WHAT IS EXPECTED →
When you transcribe the data below, reproduce every line exactly and leave each picture out.

RAW DATA →
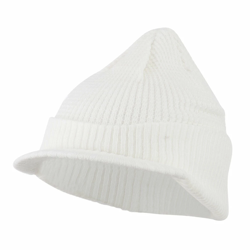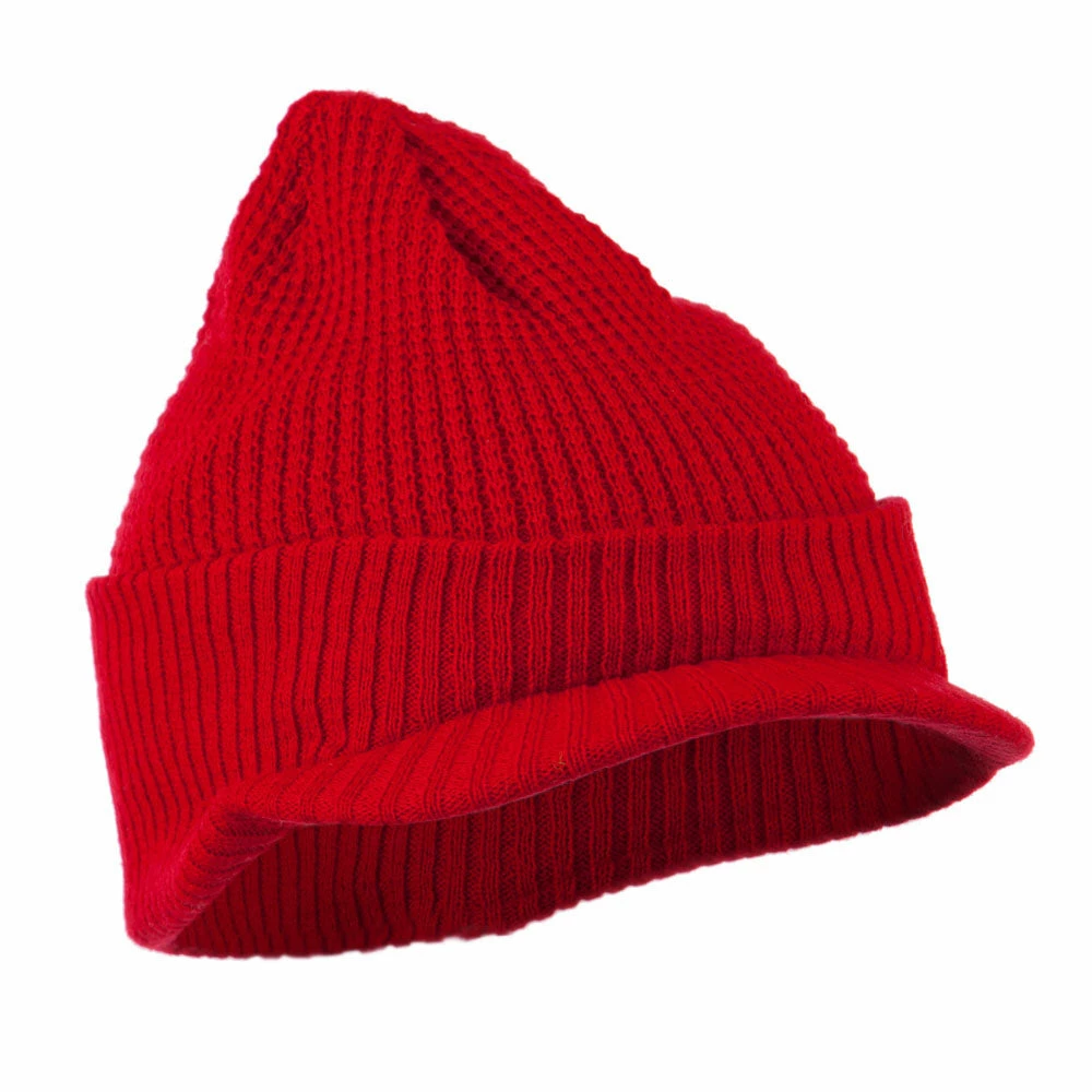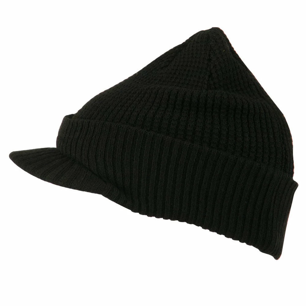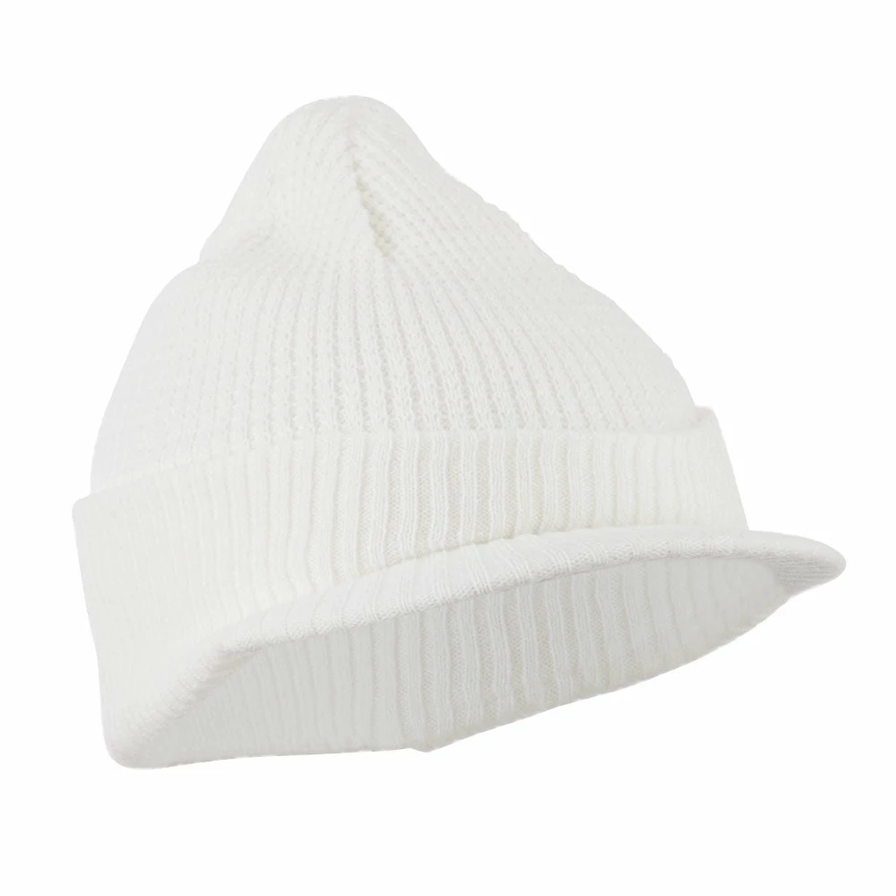 Solid in color, cuff visored beanie hat for everyone.
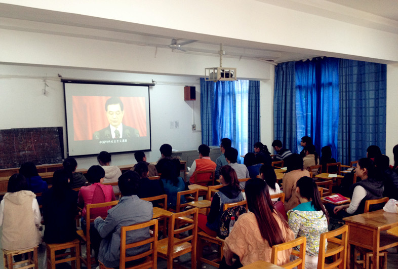 (艺术学院 谭欣)2013年3月8号中午12点30分,艺术学院各班级团支书与团学联所有干部在艺术楼210教室观看“十八大”相关内容视频以及湖北省委书记李鸿忠发言视频。
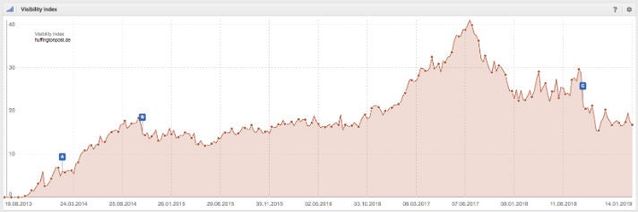 Die Entwicklung der Sichtbarkeit der deutschen Huff Post innerhalb von Googles Suchergebnissen (Quelle: Sistrix)
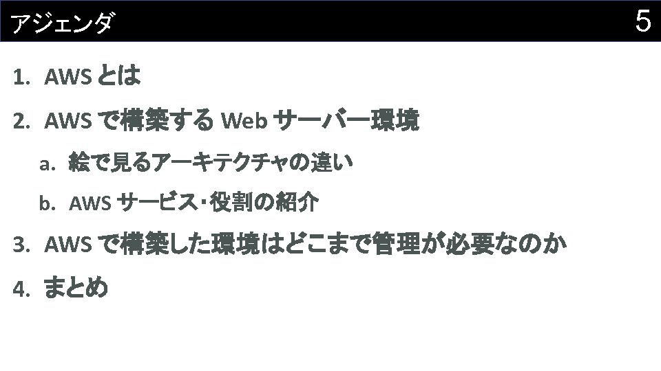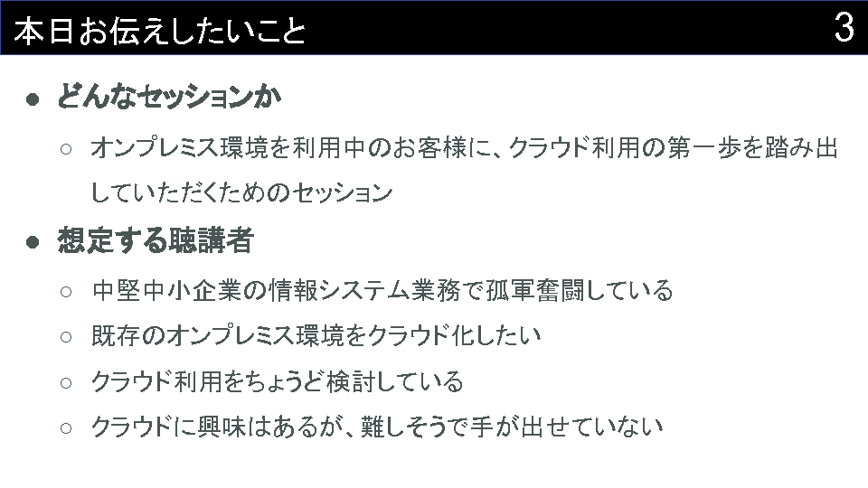 本セミナーでは、ここまで挙げたAWS導入時の課題や導入後の不安を払拭するための方法を解説します。

ANSWER SPACE →
 Solid in color, cuff visored beanie hat for everyone.
 (艺术学院 谭欣)2013年3月8号中午12点30分,艺术学院各班级团支书与团学联所有干部在艺术楼210教室观看“十八大”相关内容视频以及湖北省委书记李鸿忠发言视频。
 Die Entwicklung der Sichtbarkeit der deutschen Huff Post innerhalb von Googles Suchergebnissen (Quelle: Sistrix)
 本セミナーでは、ここまで挙げたAWS導入時の課題や導入後の不安を払拭するための方法を解説します。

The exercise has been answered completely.